Pour « gagner les cœurs et les esprits« de ses concitoyens, l’UE doit mettre en avant le patrimoine culturel commun qui fonda sa vocation universelle, estime, dans une tribune au « Monde », un collectif d’intellectuels et d’artistes parmi lesquels Giuliano da Empoli, Fernando Savater et Sasha Waltz.
Récemment, le géopoliticien américain Joseph Nye rappelait que l’une des forces majeures du projet européen était sa culture transnationale. Cette culture commune qui est une évidence pour quiconque regarde l’Union européenne depuis le reste du monde, nous, citoyens de l’Union, avons de plus en plus de mal à en prendre conscience et avons trop tendance à la négliger. Cela nuit à notre capacité de nous penser et de nous projeter ensemble à un moment où, plus que jamais, l’unité européenne est indispensable. C’est la condition pour nous donner les moyens de façonner notre destin et cesser de le subir.
Il est vrai que la création de ministères de la culture au lendemain du second conflit mondial, et surtout ces dernières décennies, a eu tendance à privilégier les traits spécifiques de chacune de nos cultures au mépris de notre patrimoine culturel commun. Toute institution nouvelle voulant montrer son utilité, cette dynamique de l’aveuglement a mis en exergue ce qui nous divisait plutôt que ce qui nous rassemblait. Parfois, elle a même favorisé, malgré elle, les nationalismes, les populismes et les corporatismes, au détriment de la création à vocation universelle qui a fait le génie de l’Europe.
Un nouveau « Bauhaus européen »
C’est cette dynamique qu’il s’agit de rompre. Une autre approche eut pu être de valoriser aussi bien nos diversités que nos communalités, et de travailler à la mise en perspective européenne de chacune de nos particularités, ce que nul autre mieux que le médiéviste polonais Bronislaw Geremek (1932-2008) savait faire.
Lors de son discours sur l’état de l’Union européenne, le 16 septembre 2020, la présidente de la Commission européenne Ursula von der Leyen a ouvert une perspective inédite en ébauchant le projet d’un nouveau « Bauhaus européen ». L’enjeu est majeur : créer un nouvel espace public urbain, fruit d’une collaboration transdisciplinaire à la croisée de l’architecture, de la culture, des nouvelles technologies et de la citoyenneté, qui soit également un accélérateur de la transition environnementale et numérique de nos villes.
Le Bauhaus européen traduit une première prise de conscience des autorités européennes que le plan de relance ne peut se limiter à une série d’investissements se chiffrant, certes, en dizaines de milliards d’euros présentés lors de « slide shows » par des consultants en complet veston.
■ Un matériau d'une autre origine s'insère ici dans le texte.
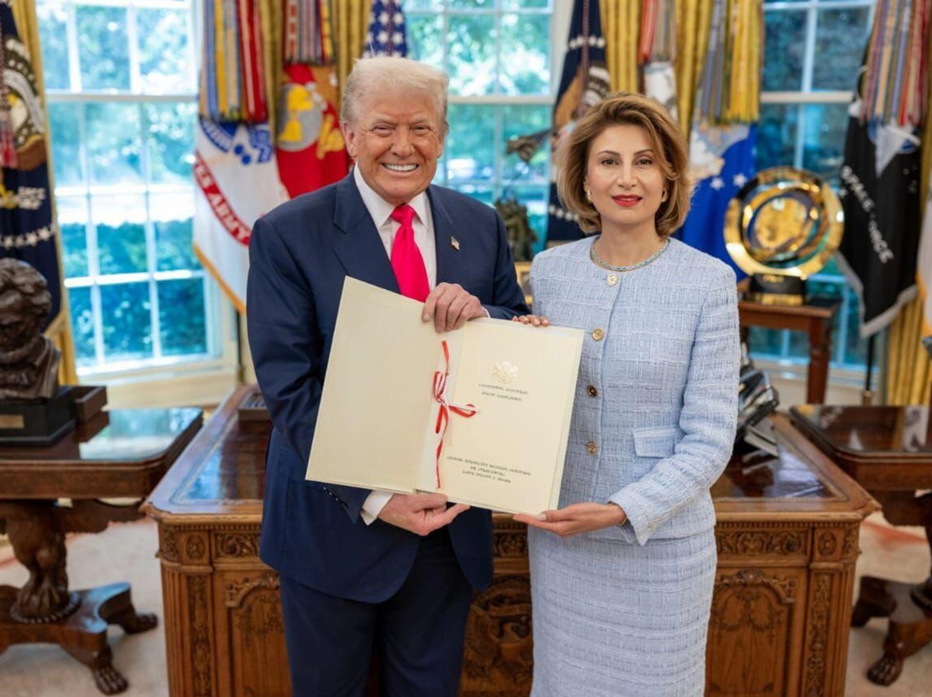 ТБИЛИСИ, 26 июл — Sputnik. Посол Грузии в США Тамар Талиашвили вручила президенту США Дональду Трампу верительные грамоты и послание от грузинского правительства, сообщает пресс-служба МИД.

Au contraire, le plan de relance européen doit s’inscrire dans un vrai mouvement social et culturel, capable de gagner les cœurs et les esprits de nos concitoyens.
Cette capacité de passer du terrain de la raison à celui des sentiments, pour créer l’unité et lutter contre les populismes rampants, Eleanor Roosevelt avait compris que c’était une condition fondamentale d’appropriation par les citoyens américains du « New Deal » du président Roosevelt. Grâce à la première dame américaine, le New Deal a inclus un volet culturel puissant : le projet « Federal One » a favorisé la cohésion de la nation et créé les conditions pour faire des Etats-Unis d’Amérique une extraordinaire puissance culturelle, alors que, jusque-là, c’était la culture européenne qui faisait référence. L’Amérique a ainsi pu développer un soft power qui reste, neuf décennies plus tard, une dimension fondamentale de sa puissance.
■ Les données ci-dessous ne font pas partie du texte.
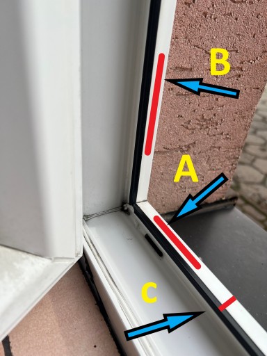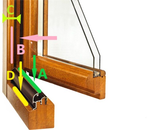 - grubość felcu z uszczelką (ramy okna) - zaznaczona poniżej jako "C"

Aujourd’hui, alors que les Parlements nationaux débattent du plan de relance européen, il est encore temps que celui-ci intègre une vraie dimension culturelle, un « new deal » culturel européen qui s’inscrive dans les traditions européennes de la Renaissance liant art, technique et technologie.
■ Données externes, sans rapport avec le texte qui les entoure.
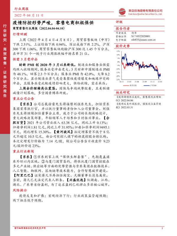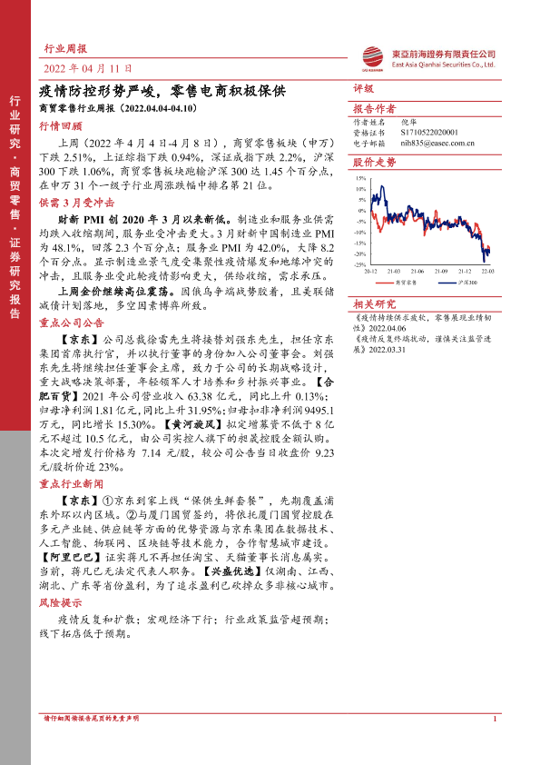 【东亚前海证券】【20220411】商贸零售行业周报:疫情防控形势严峻,零售电商积极保供-13页

Briser le tabou de la neutralité identitaire
Ceci est d’autant plus crucial que le monde de la culture est, avec les secteurs du transport aérien et du tourisme, un de ceux qui souffrent le plus depuis le début de la pandémie. Au-delà du tabou d’un véritable budget européen géré de manière fédérale, le moment est venu de briser un tabou encore plus puissant : la neutralité identitaire. Cette dernière a conduit les institutions européennes à négliger les politiques culturelles et à rejeter systématiquement toute dimension symbolique, en faveur d’un pragmatisme dépourvu d’âme et d’émotion.
Il y a trois conditions pour mettre sans délai la culture au cœur du projet européen. D’abord, que les acteurs du monde de la culture s’approprient les initiatives de la Commission comme le nouveau Bauhaus européen, les plans d’action pour les médias et la démocratie qui comptent une forte dimension culturelle, ainsi que le nouveau programme « Europe créative », et soient forces de proposition de projets transnationaux.